▶ _Work required_:
Write out word for word each line of the records, beginning at the first and stopping after the line with "最后,现场举行新进教职工座谈". Leave the pictures out.
--- Data for this exercise ---
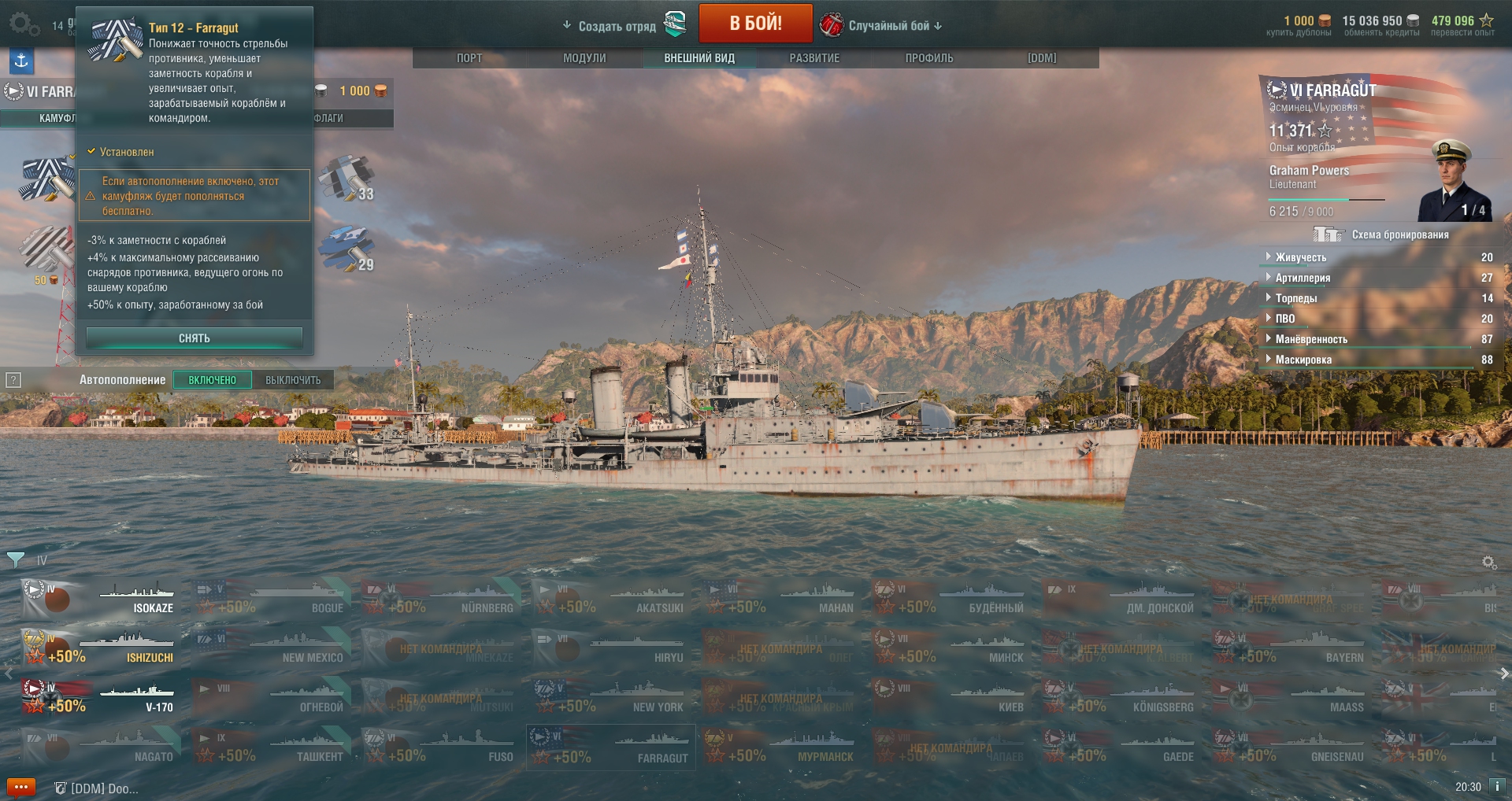 90 Zakhar009 Старший бета-тестер, Коллекционер 169 публикаций 12 757 боёв Жалоба #26 Опубликовано: 5 июн 2017, 14:12:11 Обновление дельное. Поддерживаю. В дальнейшем предлагаю внести следующие изменения. 1) Вернуть при игре на авианосцах фокусировку камеры на самолетах или корабле по нажатию кл. "Пробел". Было ведь это! 2) Без установки модов играющий на корабле с торпедными аппаратами имеет преимущество перед игроком на корабле без них. Поясню. Нажав троечку я вижу в каком направлении движется противник! В модах об этом худо-бедно говорит угломер. С исторической точки зрения все легитимно! Корабельные системы управления огнем подавали такие сведения еще в ПМВ. Уж извините, если это не входит в "Интерфейс"... Рассказать о публикации Ссылка на публикацию
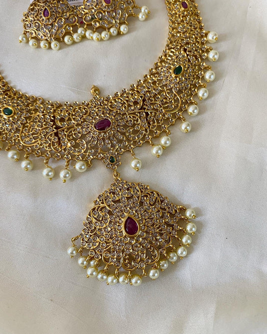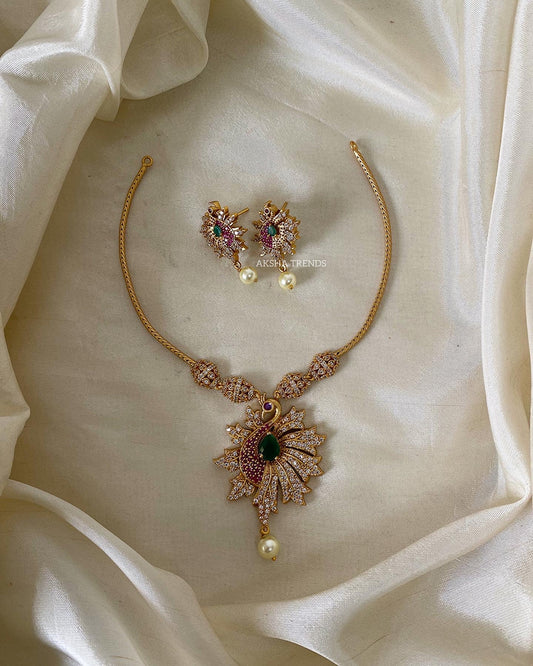 AD stone golden necklace
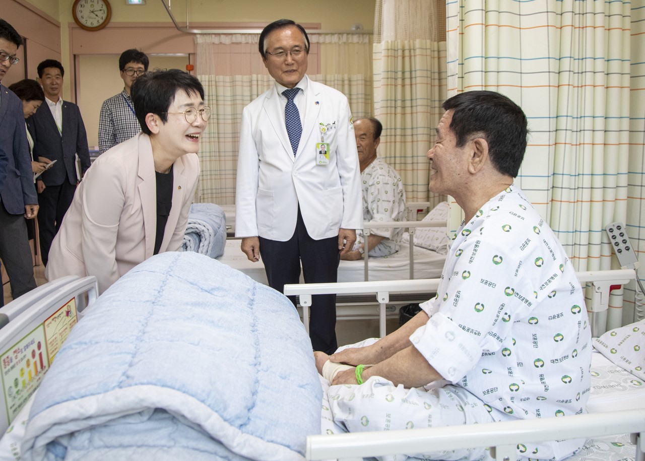 국가유공자 여러분의 빠른 쾌유와 건강을 기원합니다. 호국보훈의 달 맞아 보훈병원 입원환자 위문, 위문품 전달 대덕구(구청장 박정현)가 6월 ‘호국보훈의 달’을 맞이하여 나라를 위해 희생한 선열들의 숭고한 희생정신을 기리고 감사의 마음을 전했다. 대덕구는 13일 대전보훈병원을 찾아 국가유공자와 유족을 위문?격려하고 위문품을 전달했다고 밝혔다. 이날 박정현 구청장은 국가유공자가 입원 중인 병실을 들러 “여러분들의 희생으로 대한민국의 발전이 있었다”며 감사의 말을 전했다. 아울러 “국가를 위한 유공자들의 희생의 의미를 되새기며 국가의 소중함을 인식하는 것은 우리가 지켜야 할 가치이자 다음 세대에 전해야 할 정신적 유산이다”고 하였다. 이어 “호국은 우리 모두의 의무이며 보훈은 살아있는 사람의 책임”이라며 “입원하신 국가유공자들이 불편함이 없도록 최선을 다해 치료해 주기 바란다”고 병원관계자에게 당부했다. 한편, 대전보훈병원은 현재 약 390개의 병상을 갖추고 국가유공자와 유가족, 참전군에 대한 진료를 전담으로 하고 있으며, 약 340여명의 국가유공자와 유가족 등이 입원치료를 받고 있다. |
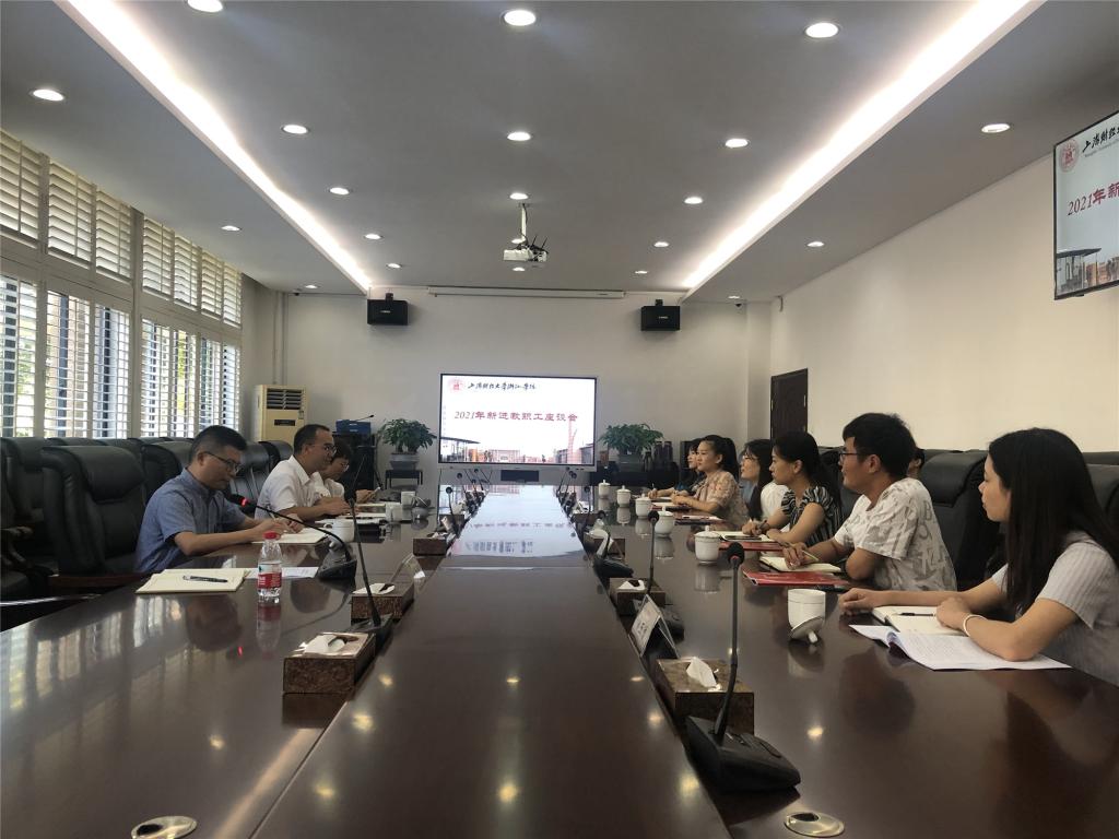 最后,现场举行新进教职工座谈交流会。会上,6名新教师介绍了各自的基本情况,分享了入职感想和对未来的期待。张正亮重点强调了师德师风的重要性,教育引导新教师要恪守职业准则,涵养高尚师德,潜心立德树人。孔德民则向新教师殷切寄语,并提出三点要求:一是师德自律,要做好榜样,模范带头;二是工作自律,要埋头向下,眼里有活;三是学习自律,要做到科研与工作、实践相互促进。
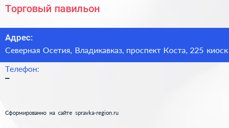 Торговый павильон по адресу Северная Осетия, Владикавказ, проспект Коста, 225 киоск в дальнейшем Организация, размещена в следующих категориях:
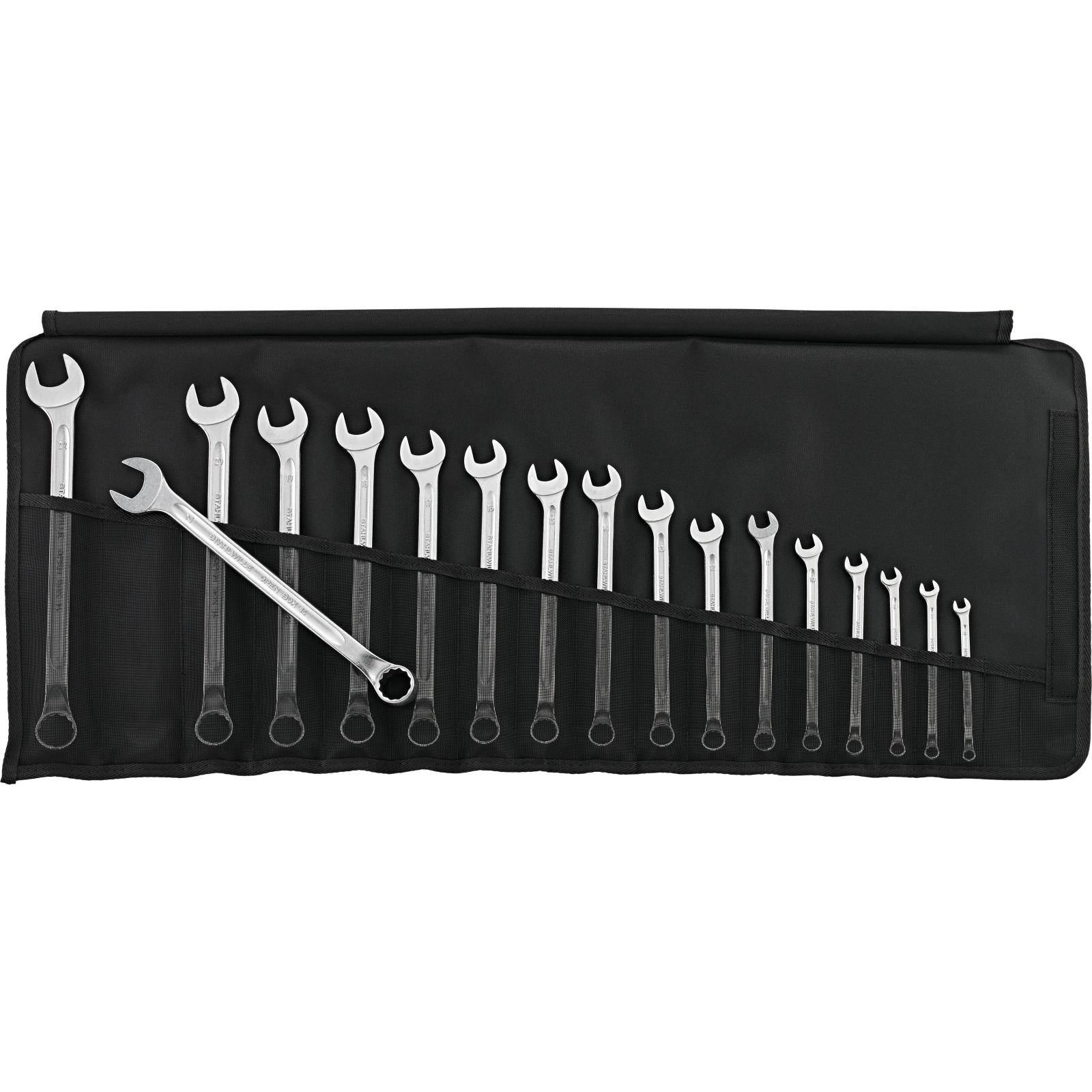 - Made in Germany – Ringmaulschlüssel-Satz , 17 St., 6-22 mm, Ringseite 15° abgewinkelt, DIN 3113 Form B / ISO 7738 Form B, Chrome Alloy Steel.
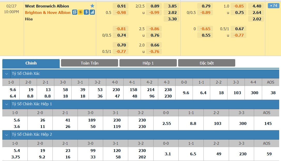 Xem tỷ lệ kèo cá cược bóng đá trực tuyến West Brom vs Brighton
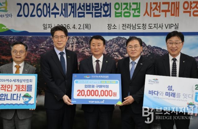 브릿지저널 김경미 기자 | (재)2026여수세계섬박람회조직위원회는 4월 2일 전남도청 VIP실에서 탑솔라㈜와 ‘2026여수세계섬박람회 입장권 구매약정식’을 개최했다고 밝혔다.
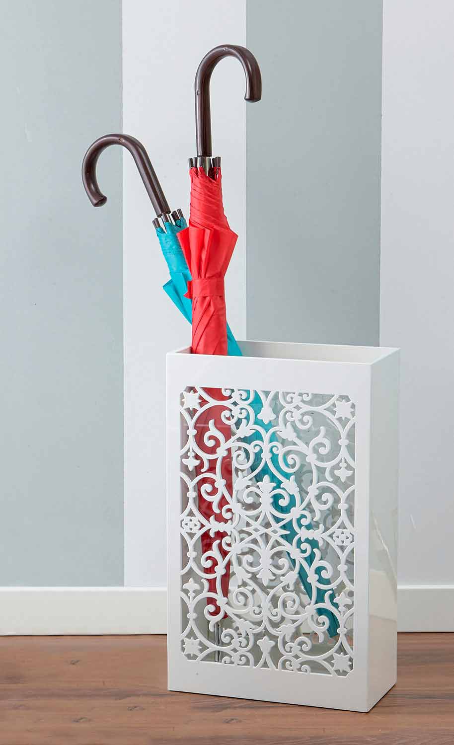 Stojan na deštníky z bílého, štěrkového, holubičího nebo pískového dřeva s moderním designem zdobeným motýly, vyrobený v Itálii.
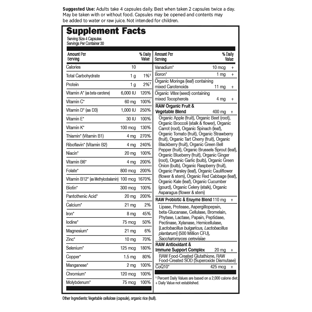 Made with individually “grown” nutrients utilizing probiotic cultivation to produce RAW Food-Created Nutrients™, Vitamin Code supplements are delivered in a whole food base of fruits and vegetables. Vitamin Code supplements are RAW, which not only means that they are produced below 115º F but also means that these nutrients come with their natural cofactors, along with live probiotics and enzymes, just like raw foods! Vitamin Code raw powders are delivered in capsules without any binders or fillers—everything you want and nothing you don’t want.
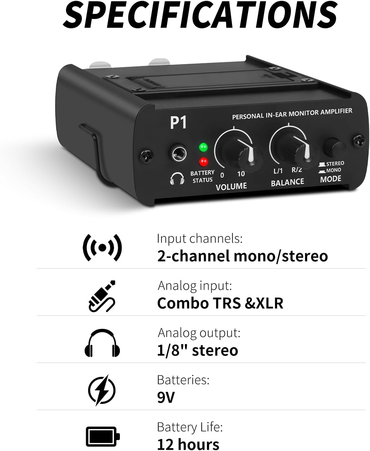Personal in-Ear Monitor System: The JCANOL powerful in ear monitor amplifier has more than enough power to boost even the weakest line level signal, all while maintaining signal integrity, zero feedback, and lightning-fast response time.
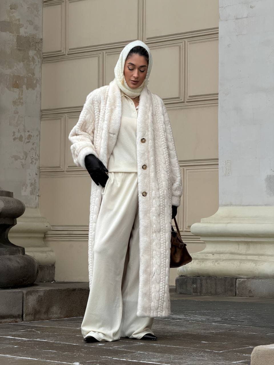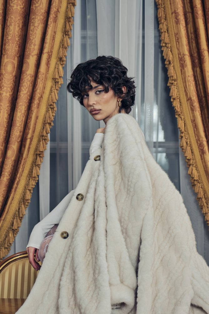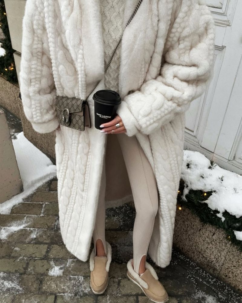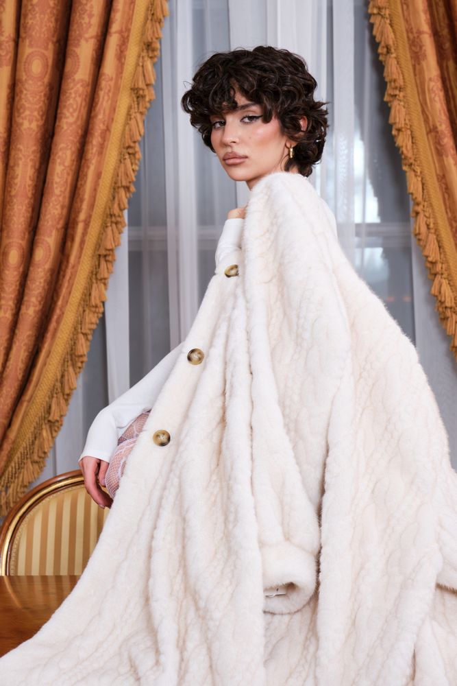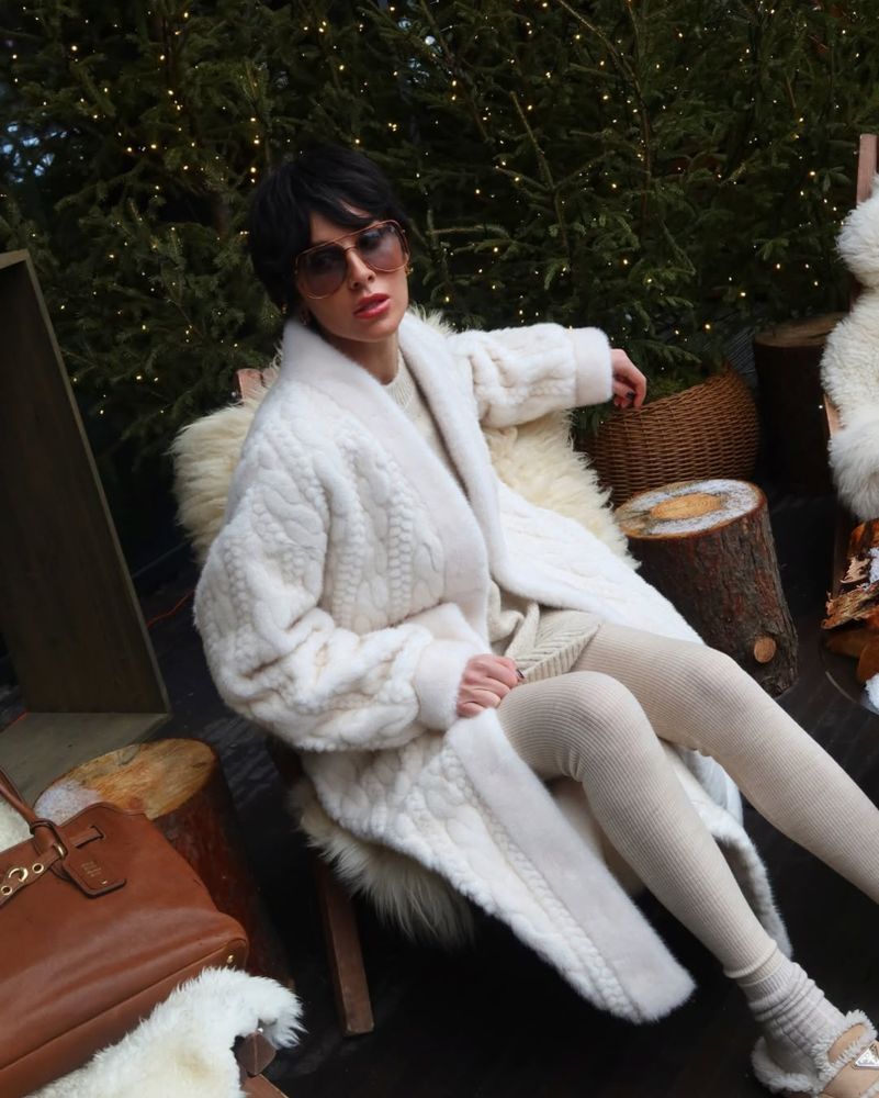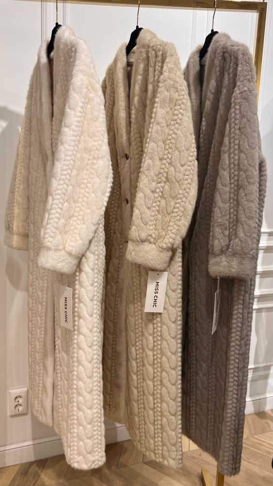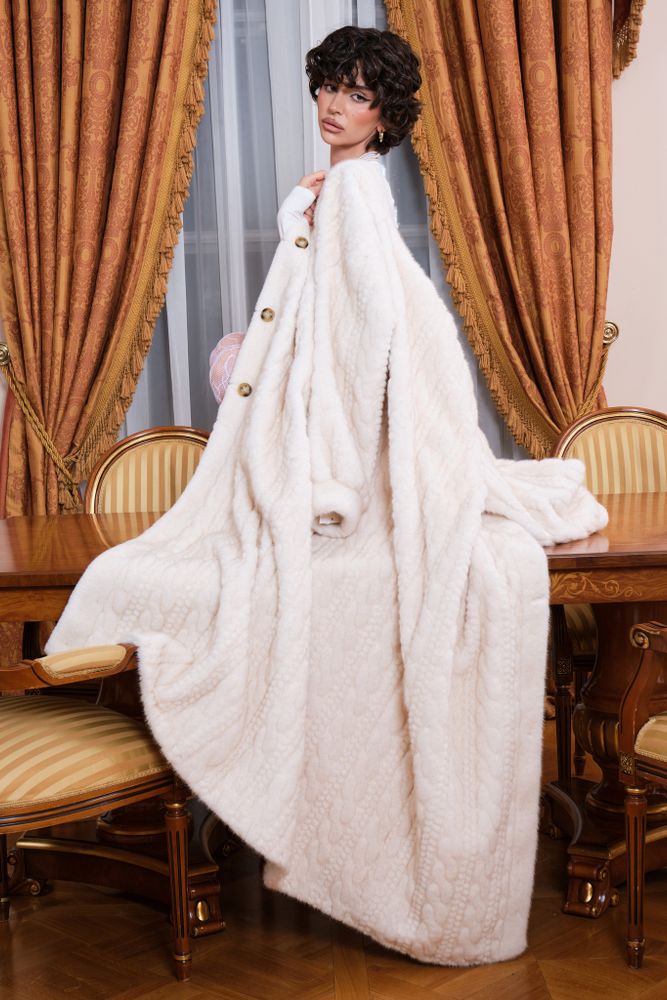 Роскошная шуба в длине макси 130 см. выполнена из шелковистого искусственного меха. Имеет неоднородный выкрас и блеск ворса, фактурная выделка под вязку. Основа ворса 100% вискоза. Имея все эти качества- ее просто не отличить от натуральной шубы из норки.
---
▶ _Reply to the task_:
 90 Zakhar009 Старший бета-тестер, Коллекционер 169 публикаций 12 757 боёв Жалоба #26 Опубликовано: 5 июн 2017, 14:12:11 Обновление дельное. Поддерживаю. В дальнейшем предлагаю внести следующие изменения. 1) Вернуть при игре на авианосцах фокусировку камеры на самолетах или корабле по нажатию кл. "Пробел". Было ведь это! 2) Без установки модов играющий на корабле с торпедными аппаратами имеет преимущество перед игроком на корабле без них. Поясню. Нажав троечку я вижу в каком направлении движется противник! В модах об этом худо-бедно говорит угломер. С исторической точки зрения все легитимно! Корабельные системы управления огнем подавали такие сведения еще в ПМВ. Уж извините, если это не входит в "Интерфейс"... Рассказать о публикации Ссылка на публикацию
 AD stone golden necklace
 국가유공자 여러분의 빠른 쾌유와 건강을 기원합니다. 호국보훈의 달 맞아 보훈병원 입원환자 위문, 위문품 전달 대덕구(구청장 박정현)가 6월 ‘호국보훈의 달’을 맞이하여 나라를 위해 희생한 선열들의 숭고한 희생정신을 기리고 감사의 마음을 전했다. 대덕구는 13일 대전보훈병원을 찾아 국가유공자와 유족을 위문?격려하고 위문품을 전달했다고 밝혔다. 이날 박정현 구청장은 국가유공자가 입원 중인 병실을 들러 “여러분들의 희생으로 대한민국의 발전이 있었다”며 감사의 말을 전했다. 아울러 “국가를 위한 유공자들의 희생의 의미를 되새기며 국가의 소중함을 인식하는 것은 우리가 지켜야 할 가치이자 다음 세대에 전해야 할 정신적 유산이다”고 하였다. 이어 “호국은 우리 모두의 의무이며 보훈은 살아있는 사람의 책임”이라며 “입원하신 국가유공자들이 불편함이 없도록 최선을 다해 치료해 주기 바란다”고 병원관계자에게 당부했다. 한편, 대전보훈병원은 현재 약 390개의 병상을 갖추고 국가유공자와 유가족, 참전군에 대한 진료를 전담으로 하고 있으며, 약 340여명의 국가유공자와 유가족 등이 입원치료를 받고 있다. |
 最后,现场举行新进教职工座谈交流会。会上,6名新教师介绍了各自的基本情况,分享了入职感想和对未来的期待。张正亮重点强调了师德师风的重要性,教育引导新教师要恪守职业准则,涵养高尚师德,潜心立德树人。孔德民则向新教师殷切寄语,并提出三点要求:一是师德自律,要做好榜样,模范带头;二是工作自律,要埋头向下,眼里有活;三是学习自律,要做到科研与工作、实践相互促进。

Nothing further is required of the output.